[WIP] Fixing data leak with warm starting in GBDT #15032

johannfaouzi · 2019-09-19T16:35:12Z

Reference Issues/PRs

What does this implement/fix? Explain your changes.

Instead of saving a RandomState instance, which is mutated after use, an integer is saved. This ensures. A small test is added to check that the random seed is the same or different (depending on the parameters).

Any other comments?

There are currently 6 failing tests:

4 are about performance, which is worse in settings with no warm starting
2 are hard-coded tests

I also fixed the random seed for the random mask (out-of-bag samples, relevant lines) (I was a bit scared at looking at the Cython function). I don't know if it is necessary or if it is a mistake.

Feedback is welcomed.

johannfaouzi · 2019-09-20T08:54:24Z

It seems like the number of estimators with early stopping are different between 32-bit and 64-bit versions...
These tests are hard-coded, I am not sure what I can do about that.

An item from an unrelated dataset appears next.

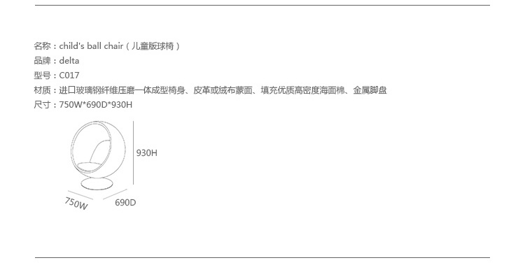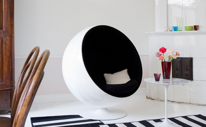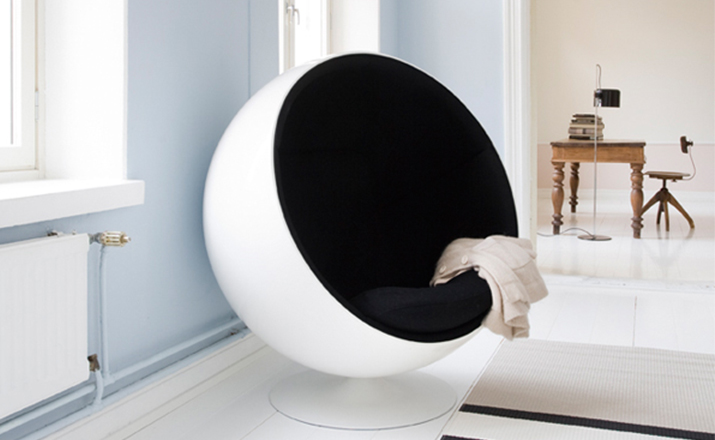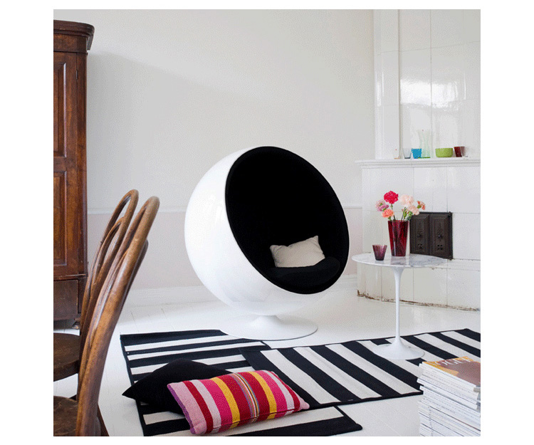 设计师艾洛·阿尼奥在 1963 年设计的,球椅结构简单,上边是用半球,下面是旋转的支撑脚,球椅(Ball Chair)球椅可以360度旋转。可以附加带喇叭MP3,香水味,彩光灯等功能,这种设计让消费者有眼前一亮的感觉,这设计也为家具厂商带来了一次巨大的商机,所以球椅(Ball Chair)也开始被大量的生产,它的诞生来家具设计提升了一个高度,让设计者重新审视了自己的设计观念。

…into warm_start_GBDT rebase

johannfaouzi · 2019-10-29T14:57:28Z

Friendly ping @NicolasHug, I'm a bit surprised to see different results for different Python versions :(

NicolasHug · 2019-10-29T16:41:22Z

Thanks for the ping (don't hesitate to ping me more)

Can you check whether the seed is the same for all CIs?
(You can tweek TEST_CMD with e.g. -k your_test in build_tools/azure/test_script.sh to save time)

That being said, maybe the check is just too strict. We typically are more permissive in the Hist GBDT tests.

johannfaouzi · 2019-10-30T10:30:26Z

Thanks for the reply! I tried to print _random_seed for successful tests, but it doesn't work. However, the seed for the failing test (python 3.5, 1608637542) is the same as the one I have on my local machine (python 3.7, macOS, 1608637542), where the test succeeds.

NicolasHug · 2019-10-30T11:21:48Z

I think @thomasjpfan has better tricks but you can assert seed == 1.5 and you should see the value in the error message

johannfaouzi · 2019-10-30T11:53:24Z

I created another virtual environment with Python 3.5 on my local machine and the test succeeds there...

(scikit-learn-temp)  ✘ johann.faouzi  ~/scikit-learn/sklearn/ensemble   warm_start_GBDT  python -m pytest -k test_gradient_boosting_early_stopping -s
==================================================================================================== test session starts =====================================================================================================
platform darwin -- Python 3.5.6, pytest-5.2.2, py-1.8.0, pluggy-0.13.0
rootdir: /Users/johann.faouzi/scikit-learn, inifile: setup.cfg
collected 718 items / 717 deselected / 2 skipped

tests/test_gradient_boosting.py 1608637542
1608637542
1608637542
1608637542
1608637542
1608637542
.

================================================================================================== short test summary info ===================================================================================================
SKIPPED [2] /Users/johann.faouzi/scikit-learn/sklearn/ensemble/_hist_gradient_boosting/tests/test_compare_lightgbm.py:17: could not import 'lightgbm': No module named 'lightgbm'
================================================================================== 1 passed, 2 skipped, 717 deselected, 1 warnings in 3.51s ==================================================================================

johannfaouzi · 2019-10-30T12:08:06Z

Looking at the CI build, it only fails on Linux and Python 3.5. It succeeds on:

Windows py35_pip_openblas_32bit,
Linux pylatest_pip_openblas_pandas, and
Linux pylatest_conda_mkl

johannfaouzi · 2019-10-30T12:51:46Z

It seems to be the same seed (1608637542):

NicolasHug · 2019-10-30T13:01:02Z

Seems like the seed is 1791095845 for the last 2 ones but 1608637542 for the rest?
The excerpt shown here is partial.